The discomfort, of course, was Balogun’s red card: a serious foul on Tarik Muharemović that left the United States with ten men for the final twenty-six minutes. Pulisic was categorical afterwards that the dismissal was unjust. The ESPN VAR review raised questions about the protocols. The referee’s decision stood. What also stood, immovably, through the remainder of the match were Tim Ream and Chris Richards, whose defending with a man short was the kind of resolute, unspectacular excellence that never quite gets the headlines it deserves. Matt Freese, starting in goal ahead of the previously first-choice Matt Turner, contributed an excellent performance of his own.

Bosnia captain Edin Džeko, forty years old and conducting himself throughout with the dignity that age and experience tend to bring, pushed for a way back in and found none. Mauricio Pochettino becomes the most successful manager in USMNT World Cup history with three wins — more than anyone before him — and his side now await Belgium in Seattle on July 6 with revenge as the subplot and genuine belief, earned rather than borrowed, as something closer to the main event.

The Golden Boot, the Bracket, and What Comes Next

After Wednesday, the Golden Boot standings read: Kylian Mbappé and Lionel Messi level at six goals apiece, with Kane at five — still very much in the race with a live team and a habit of scoring in knockout rounds. Erling Haaland, who scored the decisive goal to send Norway past Ivory Coast on June 30 and keep their tournament alive, also sits at five, with Norway facing Brazil in the Round of 16 on July 7. Vinicius Junior and Ousmane Dembélé sit at four each for Brazil and France respectively. The race is, to use the technical term, wide open, and the fact that the two men currently leading it play for sides who have not yet conceded a goal in this tournament suggests it may remain that way for some time.

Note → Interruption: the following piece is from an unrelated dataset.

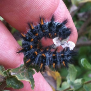 The principal food source for variable checkerspot larvae are the leaves of the flowering subshrub Diplacus aurantiacus that also usually serve as its host plant. D. aurantiacus contains large amounts of a leaf phenolic resin, which helps resist water loss during drought. Laboratory and field studies have shown that increased resin content is negatively correlated to the growth and survivorship of variable checkerspot larvae, indicating that the phenolic resin in D. aurantiacus plays in important role in deterring larvae from feeding on leaves. Another factor in D. aurantiacus plants that impacts larval growth is leaf nitrogen content. Unlike resin levels, heightened nitrogen levels are correlated with increased larval growth and survivorship. In a controlled experiment, larva that were fed a diet of fertilized D. aurantiacus plants, which contained 50% more nitrogen than unfertilized plants, experienced higher survival rates and growth than larvae that fed on unfertilized plants. While leaves with increased nitrogen content are the most attractive for the larvae, they are also the most valuable carbon-gainers for the plant. This leads to the activity patterns of larvae and D. aurantiacus plants synchronizing. Larvae emerge from diapause as D. aurantiacus plants start flowering. This is when the plants need the most carbon. The plants then concentrate their resin in their youngest leaves, which contain the largest amount of nitrogen; this resin deterrent forces larvae to feed on less valuable older leaves whose nitrogen content is lower. To maximize their own nutritional benefits, larvae selectively eat leaves with the highest available nitrogen:resin ratio. In addition, larvae exhibit a strong preference for feeding on host plant leaves that have been in the sun compared to leaves that have been in the shade. Another less common host plant for variable checkerspot larvae is Scrophularia californica, which lacks the resin defense system found in D. aurantiacus and is thus easier for larvae to digest. Larvae that feed on S. californica grow faster and larger than those that feed on D. aurantiacus. While D. aurantiacus may not be the most nutritious food for the larvae, it is the most reliable and widespread host available to the variable checkerspot and is often the plant closest to nectar sources, leading to its role as principal host plant and food source for the larvae.

The remaining six Round of 32 fixtures — Spain, Portugal, Switzerland, Australia, Argentina, and Colombia all still to play — will complete the bracket over the next two days before the Round of 16 begins on July 4. Canada face Morocco, France face Paraguay, and then on July 5, Mexico host England at the Azteca in what is already the most anticipated tie of the knockout stage: a seventeen-year-old who started a match at 17 years and 259 days old as the second youngest in World Cup knockout history, in a stadium soaked in recently lifted curses, against a man with eleven World Cup goals who has spent the better part of a decade accumulating records he was never quite supposed to reach.

All three co-hosts — the United States, Mexico, and Canada — have advanced to the Round of 16. The last sole host to win the World Cup was France in 1998, and the thought is not entirely absent from the minds of those associated with this expanded, sprawling, occasionally chaotic, but undeniably alive tournament. Wednesday, July 1 offered four reasons to believe that whatever happens next, it will be worth watching. It usually is. It just does not always announce itself quite so loudly.